More About the Author

I write about many things but my primary focus is on science and skepticism. I believe that our world could be a little better - and a lot less crazy - if more people simply understood how science works and appreciated the protective value of skeptical thinking in everyday life.

I've held numerous positions in the news industry, including editorial writer, world news editor, sports editor, photographer, page designer, and columnist. I'm a veteran travel writer, having visited and written about more than 25 countries on five continents. I have also had some very rewarding jobs teaching history and science to bright kids. My degree is in history and anthropology (University of South Florida). I've won some big awards for my writing, including the WHO (World Health Organization) Award for Health Reporting and the Commonwealth Media Award for Excellence in Journalism, but doubt anyone really cares about that stuff other than my sweet mother.

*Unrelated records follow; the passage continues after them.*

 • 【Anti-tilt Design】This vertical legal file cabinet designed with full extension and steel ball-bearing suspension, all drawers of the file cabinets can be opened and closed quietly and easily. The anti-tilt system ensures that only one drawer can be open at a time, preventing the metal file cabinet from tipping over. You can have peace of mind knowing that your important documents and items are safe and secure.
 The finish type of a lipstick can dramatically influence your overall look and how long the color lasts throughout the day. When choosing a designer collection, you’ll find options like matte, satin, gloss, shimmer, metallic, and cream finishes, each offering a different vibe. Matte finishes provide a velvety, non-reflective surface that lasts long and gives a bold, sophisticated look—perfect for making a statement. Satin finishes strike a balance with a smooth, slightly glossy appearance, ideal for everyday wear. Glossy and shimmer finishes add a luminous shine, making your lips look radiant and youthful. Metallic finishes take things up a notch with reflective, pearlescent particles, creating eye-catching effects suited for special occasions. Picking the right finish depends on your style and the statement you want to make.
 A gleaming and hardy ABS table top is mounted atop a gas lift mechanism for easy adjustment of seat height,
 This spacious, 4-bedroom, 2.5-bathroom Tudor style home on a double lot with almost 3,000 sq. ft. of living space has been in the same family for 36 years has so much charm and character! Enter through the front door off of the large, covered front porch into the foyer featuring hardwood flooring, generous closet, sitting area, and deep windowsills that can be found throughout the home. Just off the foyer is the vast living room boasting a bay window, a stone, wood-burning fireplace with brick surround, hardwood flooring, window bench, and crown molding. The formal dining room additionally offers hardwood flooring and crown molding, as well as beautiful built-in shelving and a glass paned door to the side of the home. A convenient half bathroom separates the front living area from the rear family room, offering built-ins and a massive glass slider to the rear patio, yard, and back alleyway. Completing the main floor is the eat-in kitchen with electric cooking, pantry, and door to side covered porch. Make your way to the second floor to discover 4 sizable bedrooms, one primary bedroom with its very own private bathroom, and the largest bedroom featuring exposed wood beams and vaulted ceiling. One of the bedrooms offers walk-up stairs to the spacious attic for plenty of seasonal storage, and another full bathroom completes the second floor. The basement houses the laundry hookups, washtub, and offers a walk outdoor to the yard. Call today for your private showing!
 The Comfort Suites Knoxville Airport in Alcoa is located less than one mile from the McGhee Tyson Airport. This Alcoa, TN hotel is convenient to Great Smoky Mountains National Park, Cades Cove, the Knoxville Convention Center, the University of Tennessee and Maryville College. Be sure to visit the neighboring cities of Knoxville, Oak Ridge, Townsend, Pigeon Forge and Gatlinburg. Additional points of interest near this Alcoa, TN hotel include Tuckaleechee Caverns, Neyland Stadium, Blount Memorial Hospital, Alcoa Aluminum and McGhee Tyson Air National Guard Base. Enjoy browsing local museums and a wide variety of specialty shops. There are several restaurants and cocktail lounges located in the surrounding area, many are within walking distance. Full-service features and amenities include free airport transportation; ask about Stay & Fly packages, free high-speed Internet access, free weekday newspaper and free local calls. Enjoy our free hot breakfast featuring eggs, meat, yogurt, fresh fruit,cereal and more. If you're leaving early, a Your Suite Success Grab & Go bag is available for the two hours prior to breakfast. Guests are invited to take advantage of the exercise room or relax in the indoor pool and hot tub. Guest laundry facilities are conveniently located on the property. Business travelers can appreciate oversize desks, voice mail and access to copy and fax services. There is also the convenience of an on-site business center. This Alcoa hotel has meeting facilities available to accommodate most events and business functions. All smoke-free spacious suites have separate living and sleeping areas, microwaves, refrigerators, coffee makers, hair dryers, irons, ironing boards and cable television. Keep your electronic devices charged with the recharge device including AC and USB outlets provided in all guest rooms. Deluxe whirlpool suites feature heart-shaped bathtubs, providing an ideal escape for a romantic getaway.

What I am most proud of in relation to my work is that my writing has touched many people. I receive messages from around the world and it's always rewarding to learn that my words have inspired one more person to think in new ways and become a good skeptic. This is what all my books to date are about: encouraging readers to turn away from the madness in order to live more sensible and honest lives, both for themselves and for the world.

When I'm not staring at a blank computer screen hoping that words will appear, I'm likely to be running, hiking, reading a science or history book, working out at a gym, or teaching critical life lessons to my children via repeated viewings of Star Trek. When normal people are consumed with thoughts about politics, economics, and the Kardashian family, I'm likely to be daydreaming about time travel, the singularity (nerd rapture) ancient Greece, extremophiles, the possibility of extraterrestrial life, and robots.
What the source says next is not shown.